IF 6.1 1区 医学 Q1 ACOUSTICS Pub Date : 2025-01-01 Epub Date: 2024-12-07 DOI: 10.1002/uog.27679
C O Brock, S Backley, S Snowise, E P Bergh, A Johnson, J Fisher, J Espinoza, S Eyerly-Webb, N Juckel, E Nisius, E A Hernandez-Andrade, R Papanna

Objective: There are conflicting data on whether fetoscopic laser photocoagulation (FLP) of placental anastomoses for the treatment of twin-to-twin transfusion syndrome (TTTS) is associated with lower rates of overall survival. The objective of this study was to characterize twin survival and associated morbidity according to the gestational age at which FLP was performed.

Methods: This was a secondary analysis of data collected prospectively on patients with a monochorionic diamniotic (MCDA) twin pregnancy who underwent FLP for TTTS at two centers between January 2011 and December 2022. Patients were divided into six groups according to gestational age at the time of FLP: < 18 weeks, 18 + 0 to 19 + 6 weeks, 20 + 0 to 21 + 6 weeks, 22 + 0 to 23 + 6 weeks, 24 + 0 to 25 + 6 weeks and ≥ 26 weeks. Demographic characteristics, sonographic characteristics of TTTS and operative characteristics were compared across the gestational age epochs. Outcomes, including overall survival, preterm delivery (PTD), preterm prelabor rupture of membranes (PPROM), intrauterine fetal demise (IUFD) and neonatal demise (NND), were also compared across gestational age epochs. Multivariate analysis was performed by fitting logistic regression models for these outcomes. Kaplan-Meier curves were constructed to compare the interval from PPROM to delivery between gestational age epochs.
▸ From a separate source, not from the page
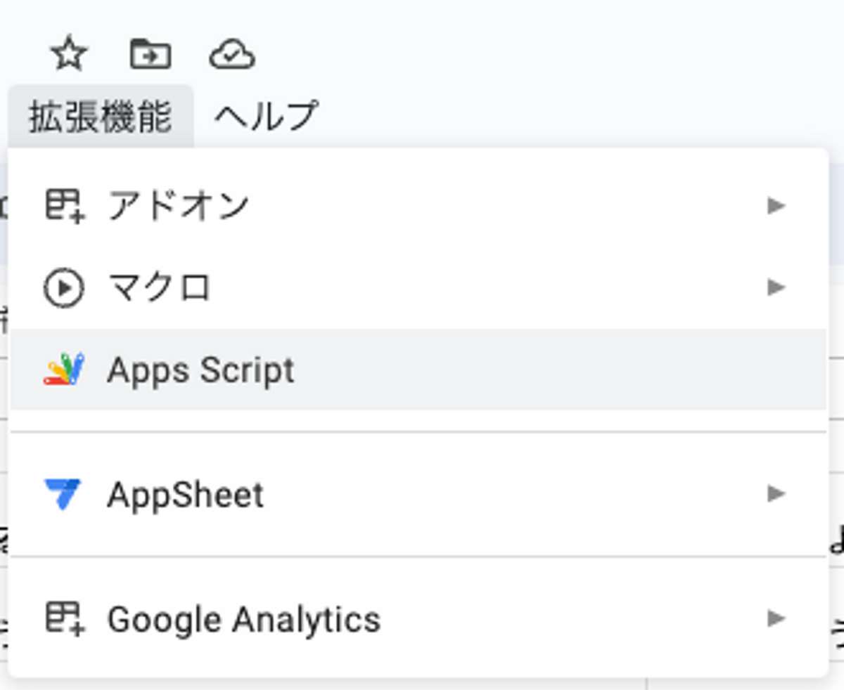 公式では、pythonのスクリプトを叩いてフォーマットをするということも書いているのですが、スプレッドシートで管理しているので、Apps Scriptで書いてみました。Apps Scriptは以下から作成できます。

Results: There were 768 patients that met the inclusion criteria. The rate of dual twin survival was 61.3% for cases in which FLP was performed before 18 weeks, compared with 78.0%-86.7% when FLP was performed at ≥ 18 weeks' gestation. This appears to be driven by an increased rate of donor IUFD following FLP performed before 18 weeks (28.0%) compared with ≥ 18 weeks (9.3-14.1%). Rates of recipient IUFD and NND and donor NND were similar regardless of gestational age at FLP. The rate of PPROM was higher for FLP conducted at earlier gestational ages, ranging from 45.6% for FLP before 18 weeks to 11.9% for FLP performed at 24 + 0 to 25 + 6 weeks' gestation. However, gestational age at delivery was similar across gestational age epochs, with a median of 31.7 weeks. On multivariate analysis, donor twin loss was associated with FLP before 18 weeks, even after adjusting for selective fetal growth restriction, Quintero stage and other covariates. PPROM and PTD were also associated with FLP performed before 18 weeks after adjusting for cervical length, placental location, trocar size, laser energy and amnioinfusion.

Conclusions: FLP performed at earlier gestational ages is associated with lower overall survival, which is driven by the increased risk of donor IUFD, as opposed to differences in the rate of PPROM or PTD. Parental counseling regarding twin survival should account for the gestational age at which patients present with TTTS. © 2024 International Society of Ultrasound in Obstetrics and Gynecology.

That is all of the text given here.